▶ [Instructions to follow] Your job with the data below is to output exactly the lines from the one holding "Q. 실수로 휴대폰결제 내역을 취소했는데, 복구할 수 있나요?" down to the one holding "hook or handbag.", both included, and no others.

▶ [Provided data]
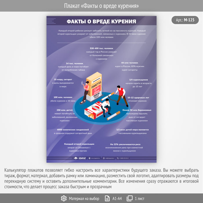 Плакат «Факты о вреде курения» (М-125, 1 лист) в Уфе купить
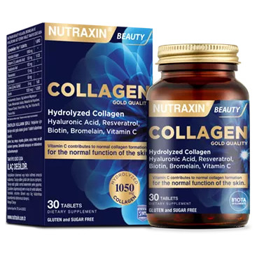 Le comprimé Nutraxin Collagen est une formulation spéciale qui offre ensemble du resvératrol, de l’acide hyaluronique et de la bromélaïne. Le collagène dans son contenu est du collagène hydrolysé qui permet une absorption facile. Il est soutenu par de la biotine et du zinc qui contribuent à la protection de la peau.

* * *

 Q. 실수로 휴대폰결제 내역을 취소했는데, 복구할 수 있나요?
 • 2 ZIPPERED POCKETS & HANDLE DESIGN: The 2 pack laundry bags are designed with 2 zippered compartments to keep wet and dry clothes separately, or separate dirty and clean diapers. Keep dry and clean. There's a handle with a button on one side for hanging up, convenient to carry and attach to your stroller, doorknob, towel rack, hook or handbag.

---

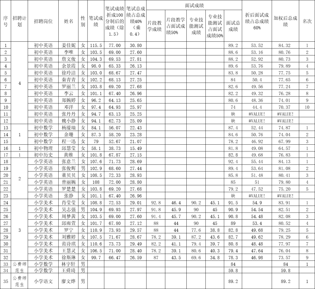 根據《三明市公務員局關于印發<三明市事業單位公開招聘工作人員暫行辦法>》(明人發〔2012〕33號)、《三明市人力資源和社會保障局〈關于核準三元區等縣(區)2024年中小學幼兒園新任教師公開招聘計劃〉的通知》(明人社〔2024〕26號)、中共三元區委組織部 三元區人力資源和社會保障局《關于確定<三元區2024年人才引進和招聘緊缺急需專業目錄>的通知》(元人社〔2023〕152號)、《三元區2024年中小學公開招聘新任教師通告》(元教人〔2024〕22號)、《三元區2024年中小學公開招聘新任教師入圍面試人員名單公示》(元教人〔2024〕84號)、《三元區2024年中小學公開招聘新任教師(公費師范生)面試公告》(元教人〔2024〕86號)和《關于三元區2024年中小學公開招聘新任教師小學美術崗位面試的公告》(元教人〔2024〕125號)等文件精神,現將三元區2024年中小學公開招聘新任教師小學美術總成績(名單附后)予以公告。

▶ [Written solution]
 Q. 실수로 휴대폰결제 내역을 취소했는데, 복구할 수 있나요?
 • 2 ZIPPERED POCKETS & HANDLE DESIGN: The 2 pack laundry bags are designed with 2 zippered compartments to keep wet and dry clothes separately, or separate dirty and clean diapers. Keep dry and clean. There's a handle with a button on one side for hanging up, convenient to carry and attach to your stroller, doorknob, towel rack, hook or handbag.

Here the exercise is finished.